I’ve followed the research surrounding dyes and children’s behavior for decades. And my organization, the Center for Science in the Public Interest, has heard from thousands of parents who have told us of the chaos and disruption that dyed foods cause when consumed by kids. Symptoms can range from mild to severe—including hyperactivity, inattention, and out-of-control behavior, resulting in difficulties learning and maintaining relationships.

While salicylates occur naturally in healthful foods, synthetic food dyes are not essential components of any food. For starters, they are generally found in heavily processed junk foods, particularly candy, sugary cereal, sugary drink mixes, and other products that are heavily marketed to young children. Dyes provide no nutritive value or health benefit whatsoever. Their only purpose is cosmetic: They’re often used to simulate the presence—or disguise the absence—of real fruit or other nutritious ingredients.

For these reasons, in 2008, CSPI asked the Food and Drug Administration to eliminate Red 40, Yellow 5, and other synthetic colorings from the food supply. The agency, famous for moving at a glacial pace, has done little since. But in 2011 it at least acknowledged that dyes seem to cause problems for at least some kids. And in 2011, an FDA advisory panel narrowly voted against a warning label that would have alerted consumers about the problem. Since then, the evidence linking dyes and adverse behavior has continued to mount.

In Europe, where food safety regulators are typically a few years ahead of their American counterparts, dyed foods have borne that kind of warning label since 2010. As a consequence, most food manufacturers did the obvious: drop the dyes in favor of safer, natural colorings.

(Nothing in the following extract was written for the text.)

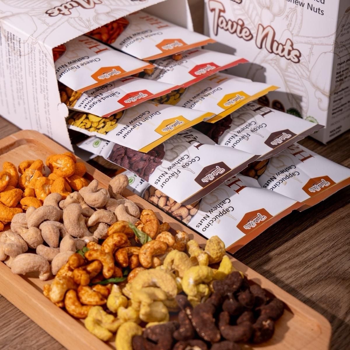 Hộp 10 gói hạt điều tẩm vị ăn vặt - Hạt dinh dưỡng healthy an toàn cho sức khoẻ - Food Nuts Snack Dinh Dưỡng Thức Ăn Hằng Ngày

That brings us back to California. State Senator Bob Wieckowski (D-Fremont) is sponsoring legislation aimed at helping parents protect their children from dyes. His original bill would have required warning labels similar to the ones mandated in Europe. But in the face of intense opposition from the food industry, Wieckowski amended his bill to do something pretty unobjectionable: ask the state’s Office of Environmental Health Hazard Assessment to review the research on food dyes’ impact on children—and report back to the legislature so it could take appropriate action. It’s the kind of task that that office is perfectly suited to accomplish. And its evaluations are respected not just in California, but across the country. Wieckowski’s bill has cleared one key committee hurdle, and its fate now lies in the hands of the Senate Appropriations committee chaired by Senator Ricardo Lara.

California has a long history of taking the lead on protecting consumers. It was the first state to get artificial trans fat out of restaurant food; the FDA has since moved to eliminate artificial trans fat from the nation’s food supply. And California was the first state to put calorie counts on chain restaurant menus; calories are now appearing on chain restaurant menus nationwide (despite a recent delay imposed by the Trump Administration).

Wieckowski’s bill deserves to make it to the governor’s desk. The concern around dyes’ impact on kids sprouted in California, with Dr. Feingold’s discovery. California can again point the rest of the country in the right direction.